──────── RECORDED INFORMATION ────────

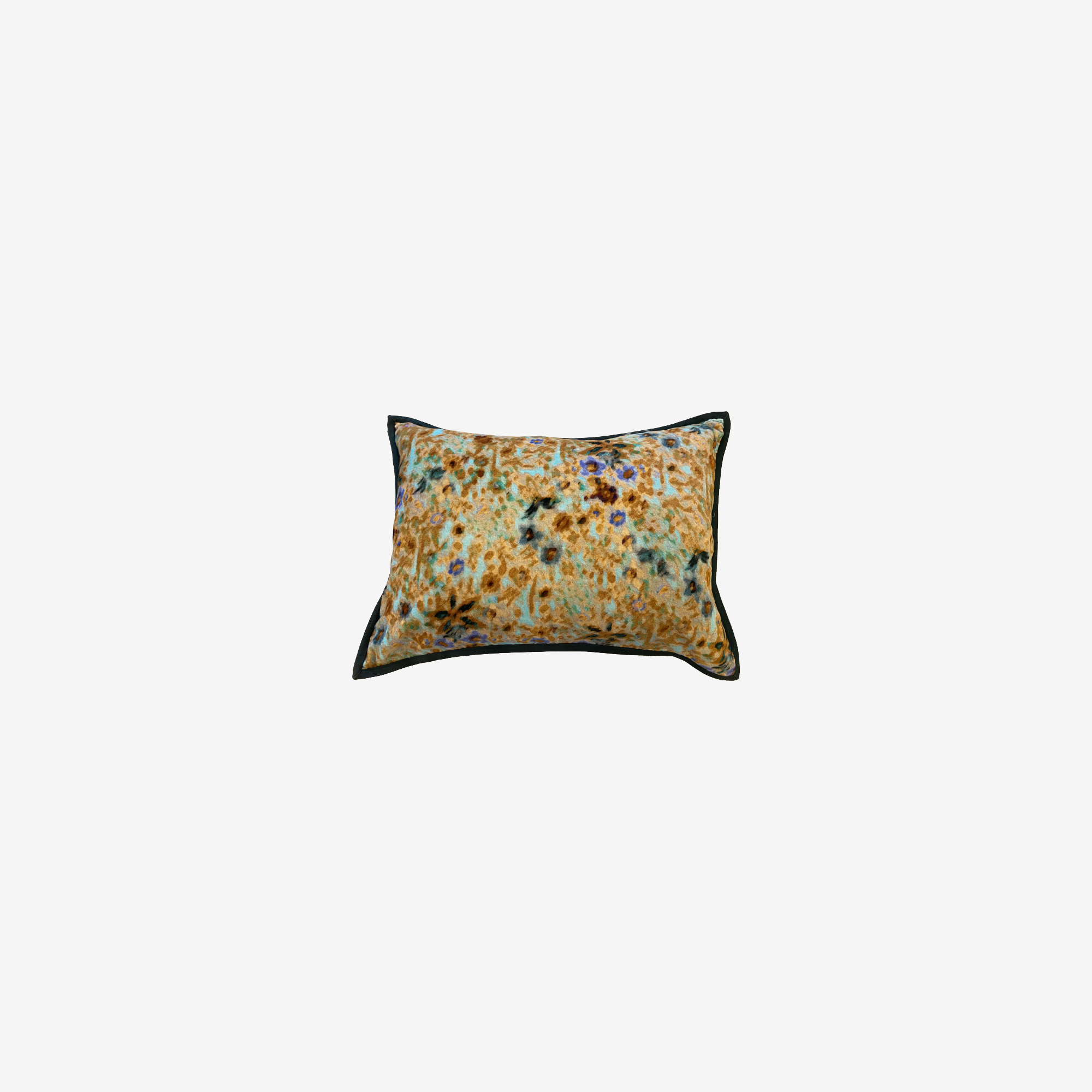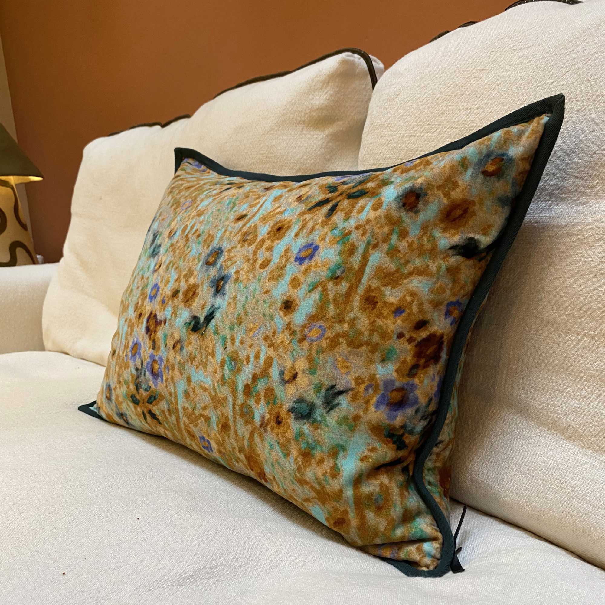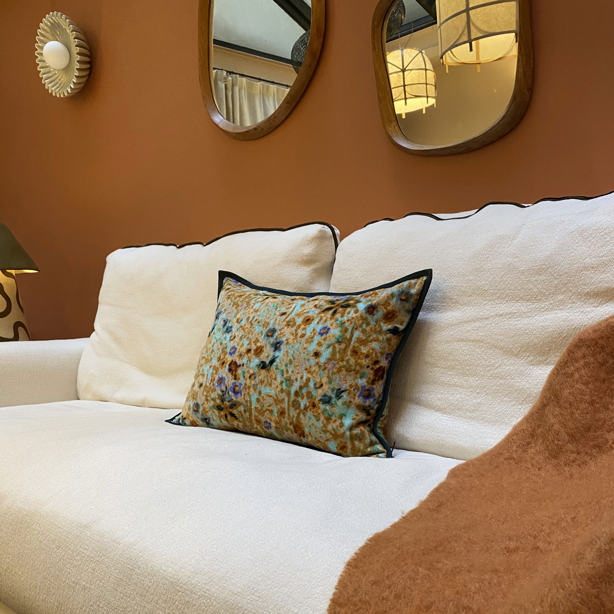 Le coussin Miami Atlantique de la marque Élitis, en velours imprimé aux couleurs chaudes et réconfortantes et au motif fleuri,  idéal pour réchauffer votre intérieur et ajouter de la couleur avec élégance.
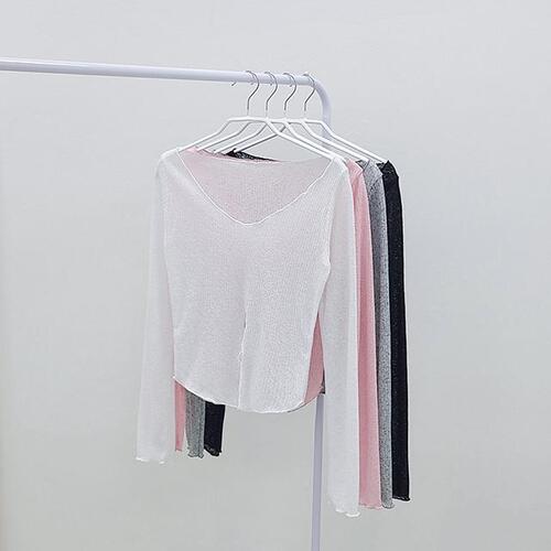 [섹시/유니크/힙/레이어드룩] 일랑 브이넥 시스루 물결 언발 슬림핏 트임 니트 긴팔티
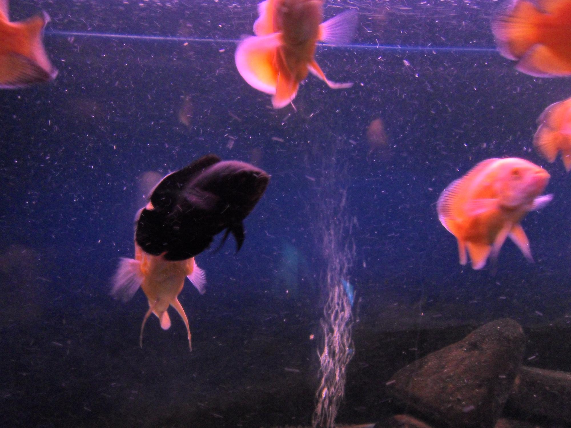 Всем известно что Астронотус пугливая рыба,  все хозяйва сталкиваются с такой же проблемой.  Рыба пугается, несётся сломя голову,  вылетает из аквы, бъётся о стенки о декорации( особенно ночью), вследствии получает травмы, увечья  или погибает на полу.  Имея опыт содержания этой замечательной рыбы, ВСЕМ  советую установить ночную подсветку типа "Луна"! Рыба видя что опасности нет или куда ей спрятаться, перестанет тревожить хозяина ночью звоном покровного стекла! И т.д.  С подсветкой могу помочь советом или съделать.
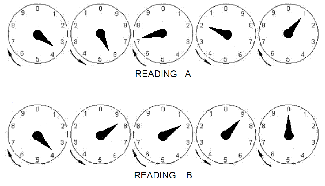 Some homes have meters with a series of dials that are most easily read from right to left. When the pointer is between numbers, read the lower number.
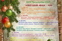 Добрый день! МБОУ "Брюшлинская ООШ" представляет Вам анонс новогодних мероприятий, которые планируется провести накануне Нового 2024 года! Пусть Новый год будет счастливым, интересным и удачным! Приглашаем всех желающих на наши мероприятия! Будет весело и познавательно!
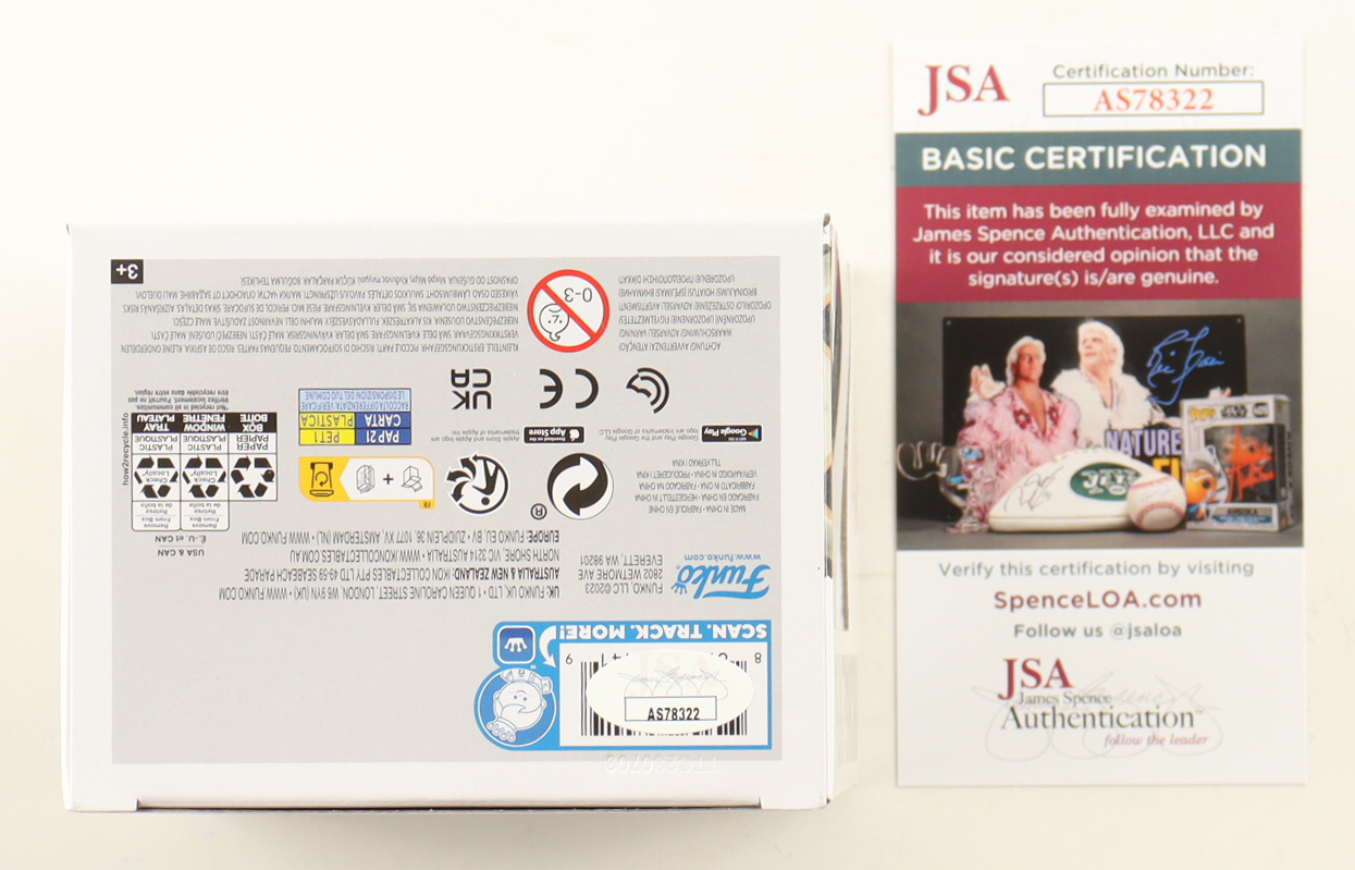 Funko Pop! vinyl figure measures approximately 4" tall. Hand-signed on the packaging by James Jude Courtney.
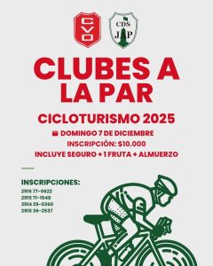 Sebastián Arbizu, integrante del Deportivo Social Juan A.Pradere, confirmó que la localidad se prepara para un gran evento recreativo junto al Club Social y Deportivo Villa Obrera,“Clubes a la Par 2025”, a realizarse el domingo 7 de diciembre Cicloturismo en bicicleta.

────────

● **WHAT YOU HAVE TO DO**
Exclude the images and copy every record above exactly.

● **ANSWER TO THIS PROBLEM**
 Le coussin Miami Atlantique de la marque Élitis, en velours imprimé aux couleurs chaudes et réconfortantes et au motif fleuri,  idéal pour réchauffer votre intérieur et ajouter de la couleur avec élégance.
 [섹시/유니크/힙/레이어드룩] 일랑 브이넥 시스루 물결 언발 슬림핏 트임 니트 긴팔티
 Всем известно что Астронотус пугливая рыба,  все хозяйва сталкиваются с такой же проблемой.  Рыба пугается, несётся сломя голову,  вылетает из аквы, бъётся о стенки о декорации( особенно ночью), вследствии получает травмы, увечья  или погибает на полу.  Имея опыт содержания этой замечательной рыбы, ВСЕМ  советую установить ночную подсветку типа "Луна"! Рыба видя что опасности нет или куда ей спрятаться, перестанет тревожить хозяина ночью звоном покровного стекла! И т.д.  С подсветкой могу помочь советом или съделать.
 Some homes have meters with a series of dials that are most easily read from right to left. When the pointer is between numbers, read the lower number.
 Добрый день! МБОУ "Брюшлинская ООШ" представляет Вам анонс новогодних мероприятий, которые планируется провести накануне Нового 2024 года! Пусть Новый год будет счастливым, интересным и удачным! Приглашаем всех желающих на наши мероприятия! Будет весело и познавательно!
 Funko Pop! vinyl figure measures approximately 4" tall. Hand-signed on the packaging by James Jude Courtney.
 Sebastián Arbizu, integrante del Deportivo Social Juan A.Pradere, confirmó que la localidad se prepara para un gran evento recreativo junto al Club Social y Deportivo Villa Obrera,“Clubes a la Par 2025”, a realizarse el domingo 7 de diciembre Cicloturismo en bicicleta.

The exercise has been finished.